The issue I run into is I see nothing saying anything one way or another on these two in a mix.

If OK... what would be your 'mixing' routine? I typically use 80/20, CLEAR, and then the herbicide. How would adding Warrior to it alter the order?

Thanks


----------



## slowzuki (Mar 8, 2011)

"When organophosphate (such as Lorsban® insecticide) or carbamate insecticides are tank mixed with Pursuit, temporary injury may result to the treated crops."

Edit, google says Warrior is a pyrethroid family.


----------



## Dadnatron (Jul 24, 2017)

slowzuki...

Where did you find that information?

I've read through both the Warrior and Pursuit label many times without seeing it. ( I could have missed it, but I focused on the mixing parts pretty thoroughly.) And I STILL can't figure out where it is, so I will know what is going on.

And given Warrior is a pyrethroid... do you see any issues with mixing?


----------



## slowzuki (Mar 8, 2011)

That was on the BASF site, I was trying to find what was actually in Pursuit as our branding often different in Canada.
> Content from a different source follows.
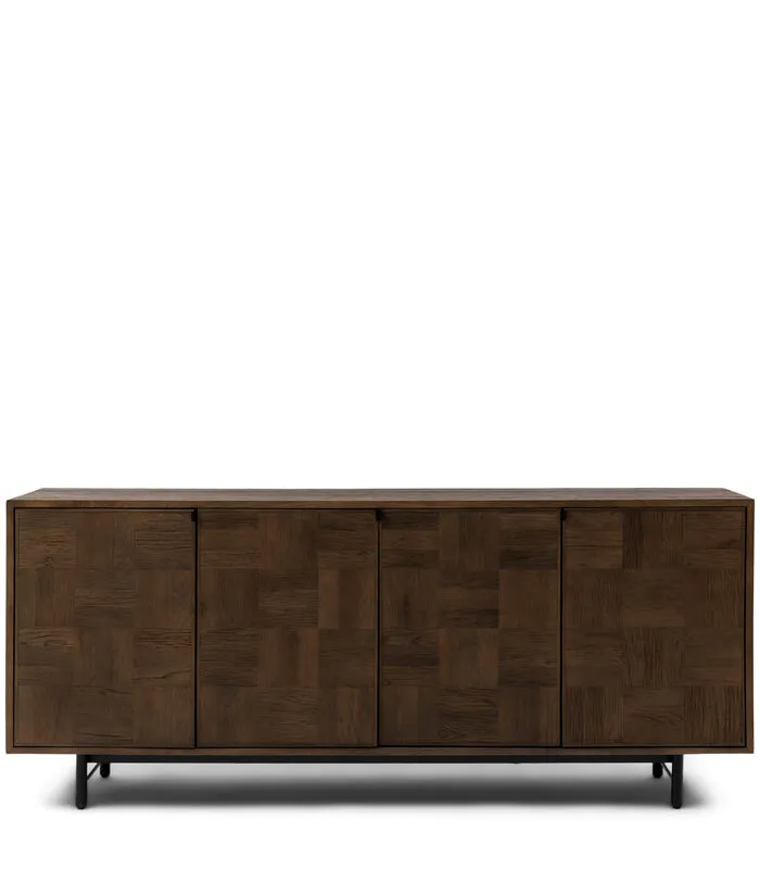 Robuust en toch luchtig, dan heb je het over dressoir Mac Arthur. Dit dressoir staat op donkere metalen pootjes, wat voor de luchtige uitstraling zorgt. De kastdelen zelf zijn gemaakt van prachtig, gerecycled eikenhout, dat om en om in vierkanten is ingelegd. Achter twee van de vier softclose deurtjes zit ook nog een lade.

I don’t know much of anything about insecticides, i ask my Apple growing friend those questions.


----------



## FarmerCline (Oct 12, 2011)

I have sprayed Pursuit and a pyrethroid insecticide together many times and no issues whatsoever.

Hayden


----------



## endrow (Dec 15, 2011)

At a Growers meeting I once heard an agronomist say when he is spraying Pursuit on straight Alfalfa or soybeans he would not hesitate to mix the insecticide with but when he is spraying Pursuit on mixed hay , Alfalfa / Orchard Grass mix he would not mix the insecticide with or any other thing for that matter.


----------



## Dadnatron (Jul 24, 2017)

I appreciate your help.

Since I remained decidedly confused, I contacted the local extension agent, who says it should be fine.

I also sent in a question directly to BASF... I'll post a reply should they deign to respond.


----------